Revolução Tecnológica: Virilio vs Baudrillard

Conclusões finais

Focando-me nas questões-chave que representem potenciais eixos de desacordo entre as duas visões de Virilio e Jean Baudrillard e no sentido da revolução tecnológica, resumo assim:

Ambos se concentram nas consequências da nossa aceitação e utilização dos media e das tecnologias. Para Virilio, media e tecnologias da captação, reprodução e difusão da imagem contribuem para a videografia, a satelização e uma aceleração perigosamente incompreensível do mundo. Para Baudrillard, os media (e as tecnologias de comunicação e informação) impedem qualquer interpretação fiável sobre o que nos rodeia. Ambos vão ao século XIX, e mais atrás, buscar a essência do conhecimento, a génese e os protótipos das tecnologias que as pessoas (do mundo ocidentalizado e desenvolvido) têm e usam. Ambos fazem uma leitura da nossa contemporaneidade na viragem do século XX.

Virilio segue em frente e alerta para os riscos do futuro, palavra recorrente em Inércia Polar, 3 vezes mais do que em Simulacros e Simulação. Baudrillard explora o seu tempo, o nosso tempo. E explica-o na sua linguagem semiótica e da sua perspetiva niilista, “cuja principal característica é uma visão cética radical em relação às interpretações da realidade, que aniquila alguns valores e convicções” [1].

Baudrillard faz isso, aniquila-nos o real, faz-nos duvidar do que consideramos certo e seguro: “hoje em dia é a precessão do neutro, das formas do neutro e da indiferença.” (p. 196)

Constato, aceito, assumo, analiso a segunda revolução, a do século XX, a da pós-modernidade, que é o imenso processo de destruição do sentido, igual à destruição anterior das aparências. O que pelo sentido mata, pelo sentido morre.

A cena dialéctica, a cena crítica estão vazias. Já não há cena. E não há terapia do sentido ou terapia pelo sentido: a própria terapia faz parte do processo generalizado de indiferenciação. A própria cena da análise tornou-se incerta, aleatória: as teorias flutuam […].

A própria análise talvez seja o elemento decisivo do imenso processo de congelação do sentido.

Jean Baudrillard, Simulacros e Simulação (p. 197)

Desenvolvendo a síntese…

Hoje, com a velocidade da luz, inventamos um tempo acidental. Isto é, um instante [accident, no original] que não participa nem do passado nem do futuro, e que, por conseguinte, é inabitável.

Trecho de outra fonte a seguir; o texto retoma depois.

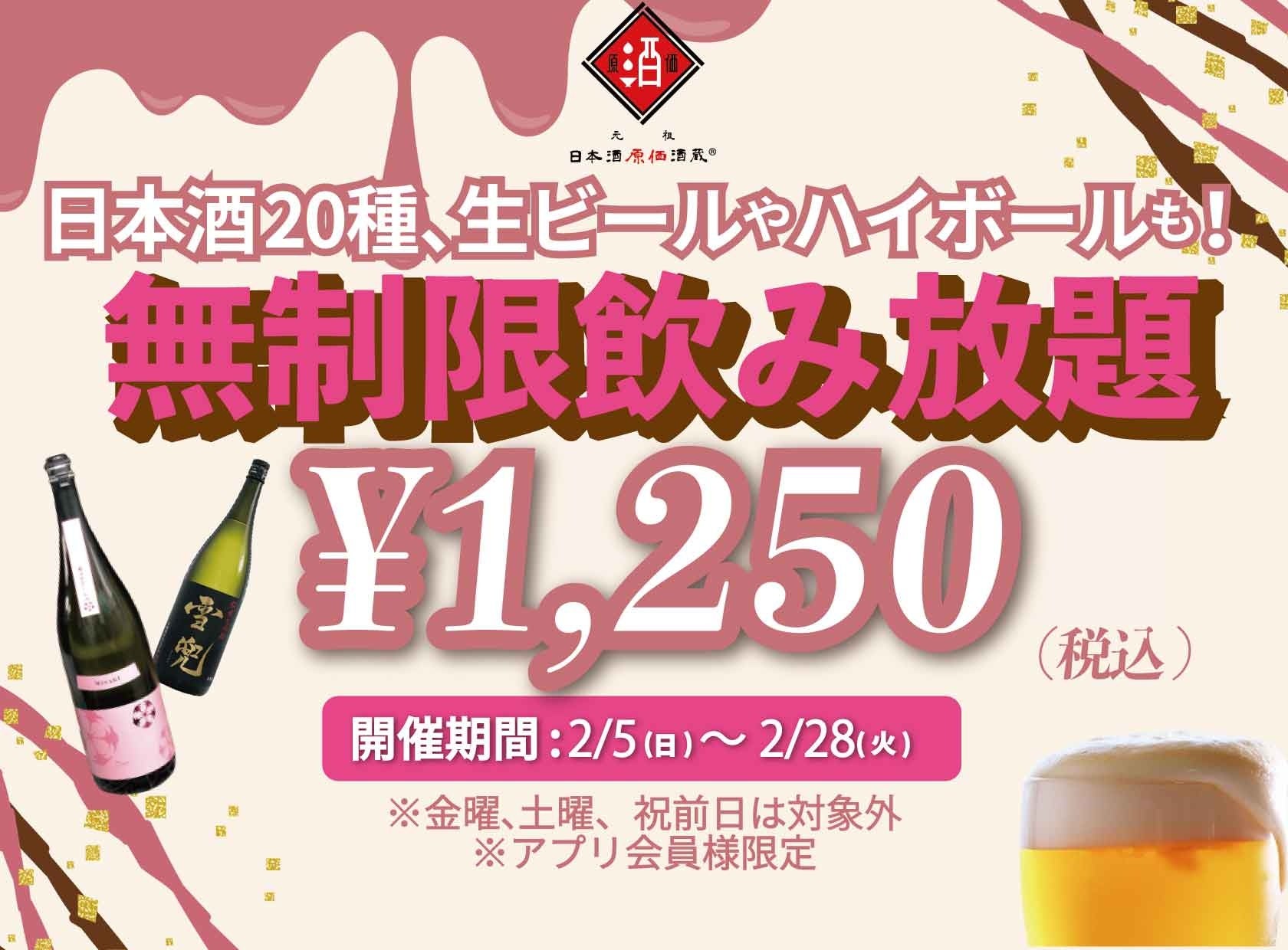 2月5日(日)~2月28日(火)に日本酒原価酒蔵全店にて時間無制限飲み放題¥1,250(税込)を開催します。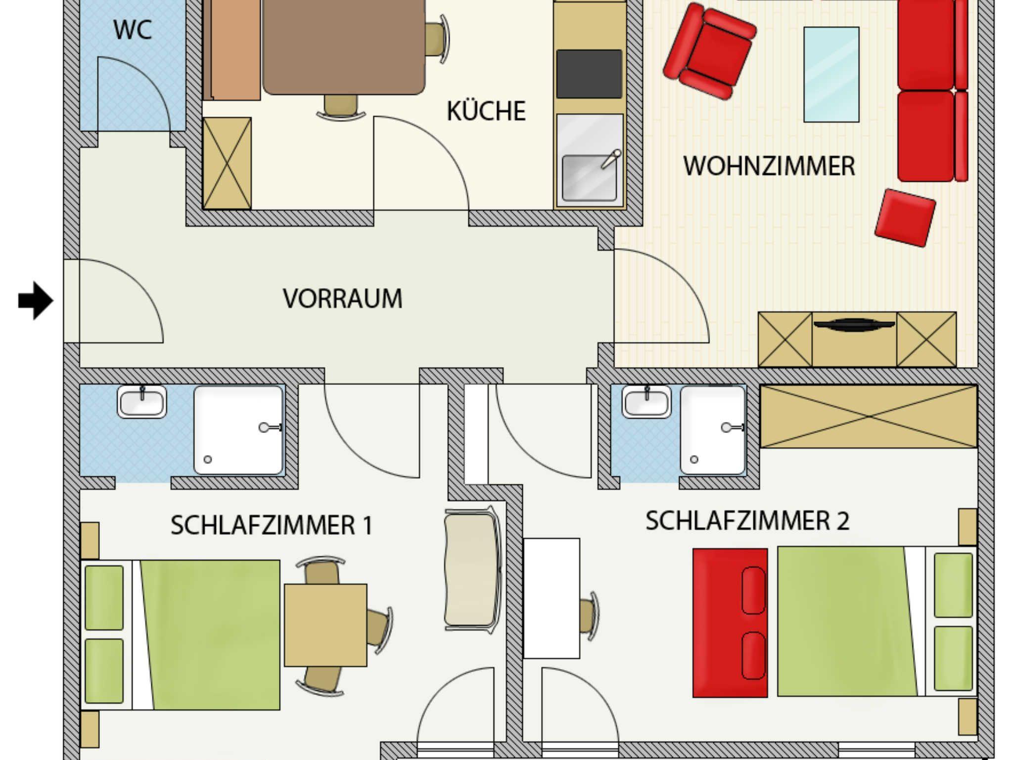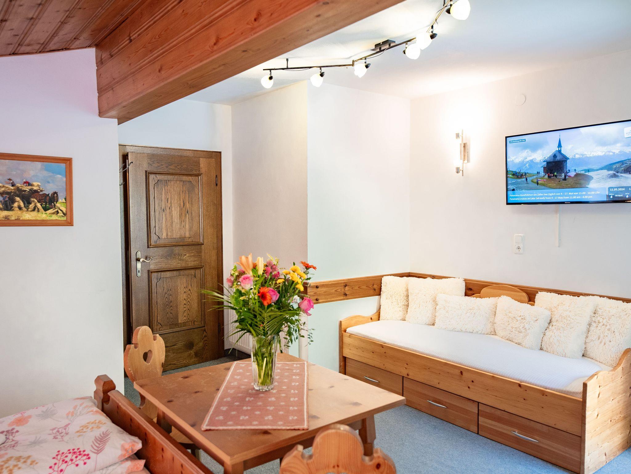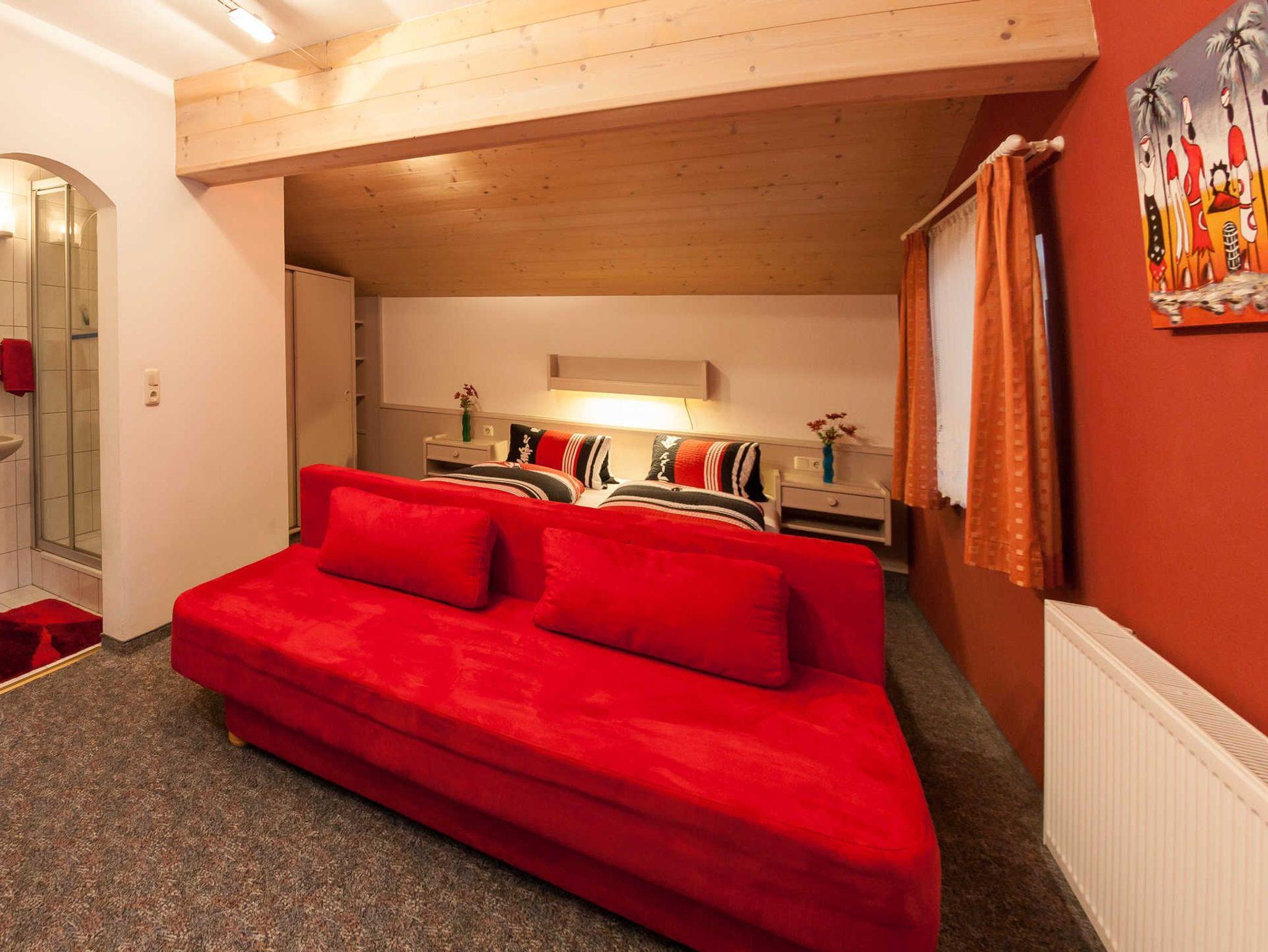 Geräumige 80 m² für bis zu 6 Personen mit 2 gemütlichen 3-Bett Schlafzimmer mit je einem TV. 2 Badezimmer. Separate Küche inkl. Tisch u. Eckbank. Modernes Wohnzimmer mit 42 Flachbild TV. WC im Flur. Auch ein Balkon steht zur Verfügung, der von den beiden Schlafzimmern erreichbar ist. Ein Carport für 2 Autos ist integriert. Im Garten befindet sich ein Spielplatz sowie ein Tischtennistisch u. eine Grillmöglichkeit mit Terrasse. Ein PC und kostenloses WLAN ist vorhanden. Im Keller stehen Ihnen ein Schischuhtrockner sowie ein Schiständer zur Verfügung. Strom, Handtücher, Geschirrtücher, Bettwäsche u. WC Papier sind im Preis enthalten. Nur 5 Gehminuten ins Ortszentrum. IM PREIS IST AUCH DIE BONUS CARD INBEGRIFFEN, mit der Sie viele Rabatte bei den umliegenden Sehenswürdigkeiten u. Freitzeitangeboten erhalten.

Paul Virilio, Penser la Vitesse (00:02:32.29 – 00:02:49.01)

Na minha interpretação de Virilio, acidente é sinónimo de incidente, não necessariamente de catástrofe. Apesar de todos os avanços, descobertas e centros tecnológicos (MIT incluído, esse “olimpo da pesquisa tecnológica” [2]) decorrerem ou estarem relacionados com a tecnologia de guerra. Neste sentido, acidente pode ser uma consequência de uma descoberta para a destruição ou potencialmente destruidora. Mas também pode ser algo que sucede por acaso, uma peripécia ou aquilo que altera o desenrolar dos acontecimentos.[3] Baudrillard usa o termo peripécias por 13 vezes, e sempre para reduzir ocorrências históricas ou mediáticas à sua insignificância: “os acontecimentos continuam no solo, as peripécias são mesmo cada vez mais, dado o processo mundial de contiguidade e de simultaneidade da informação. Mas subtilmente perdem o sentido” (Simulacros e Simulação, p. 51)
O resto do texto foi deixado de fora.